A native macOS app for running Claude Code sessions. Each window is a terminal running Claude Code plus a live sidebar that shows what Claude is doing, what it costs, and what files it's touching. Markdown and image files Claude reads or writes open inline as tabs.

Built on Ghostty's terminal engine.

claude-terminal screenshot

Install

  1. Download claude-terminal-X.Y.Z.dmg from the latest release.
  2. Open the DMG and drag claude-terminal to /Applications.
  3. Launch it. Updates arrive automatically via Sparkle.

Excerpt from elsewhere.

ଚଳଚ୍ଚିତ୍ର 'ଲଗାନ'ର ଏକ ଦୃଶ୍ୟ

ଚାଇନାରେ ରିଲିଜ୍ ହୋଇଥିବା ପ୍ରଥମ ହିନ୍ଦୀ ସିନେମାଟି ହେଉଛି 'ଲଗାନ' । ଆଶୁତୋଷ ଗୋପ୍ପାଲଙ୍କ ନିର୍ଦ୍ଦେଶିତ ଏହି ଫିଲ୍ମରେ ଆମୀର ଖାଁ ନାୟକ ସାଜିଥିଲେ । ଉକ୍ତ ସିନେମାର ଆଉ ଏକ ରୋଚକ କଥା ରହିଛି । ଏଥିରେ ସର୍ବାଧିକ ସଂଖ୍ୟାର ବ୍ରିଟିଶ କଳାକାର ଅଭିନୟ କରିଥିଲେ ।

Requires macOS 14 and the Claude Code CLI:

npm install -g @anthropic-ai/claude-code

Your first session

When you launch claude-terminal you'll see a directory picker. Pick the project folder you want to work in — that becomes the working directory for Claude Code. A new window opens with:

  • The terminal on the left, running claude in your project.
  • The sidebar on the right, showing session status, cost, context usage, and anything Claude is currently doing.

Type a prompt in the terminal as you would with claude directly. As Claude responds, the sidebar updates in real time.

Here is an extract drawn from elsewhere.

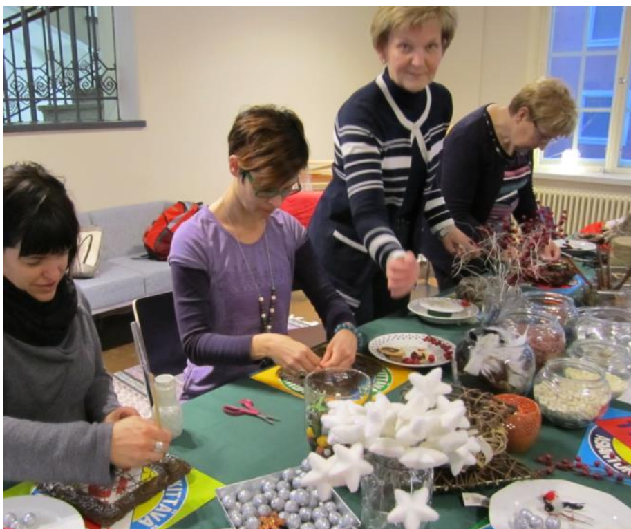
KUVA 8 Tekemisen meininkiä joulukranssikurssilla 2012

”Se oli elämys” Kurssikonseptin kehittäminen Tampereen kaupungin nuorisopalveluille, Monitoimitalo 13:een.

Every window is its own Claude session with its own working directory. Open a second project by pressing Cmd+N.

Reading the sidebar

The sidebar is a set of cards. They appear and collapse as they become relevant, so it's not all visible at once.

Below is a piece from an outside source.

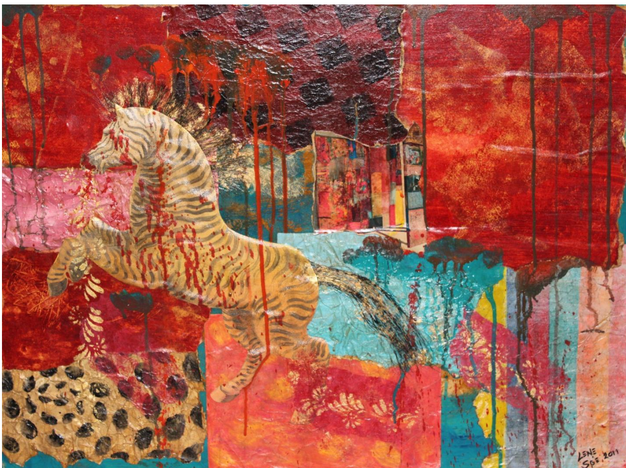
Billede malet af Lene Sørensen efter Robert Rauschenbergs original

Status headline. The top of the sidebar shows what Claude is doing right now — thinking, running a tool, waiting for input. The current tool name and a short argument summary appear beneath it, tinted by tool type. The most recent italic line of assistant prose surfaces here too, with inline markdown rendered (**bold**, *italic*, `code`) instead of raw asterisks.

Activity chart. A CPU-style bidirectional bar graph of the last 3 minutes. Claude bars grow up from the centerline, tool bars grow down. Colour ramps light-blue → yellow → orange → red as a single operation stays busy, peaking at red after 30 minutes — useful for spotting a stuck tool call. Hover a tool bar to see which tools ran in that slice.

Context & cost. Context-window usage (percent, tokens, cache read/write), cumulative cost, API latency breakdown, and running token counts. Cost and context always stay visible — even when the window is short and other cards collapse to single-line summaries.

Subagents. When Claude spawns a subagent (Explore, Plan, etc.), it appears as a row with a coloured status dot, the agent name, the tool it's running, and the argument detail. Right-click a row for Force Quit.

Tasks. The task list from TaskCreate, with dependency ordering. Blocked tasks are marked so you can see why a task isn't progressing.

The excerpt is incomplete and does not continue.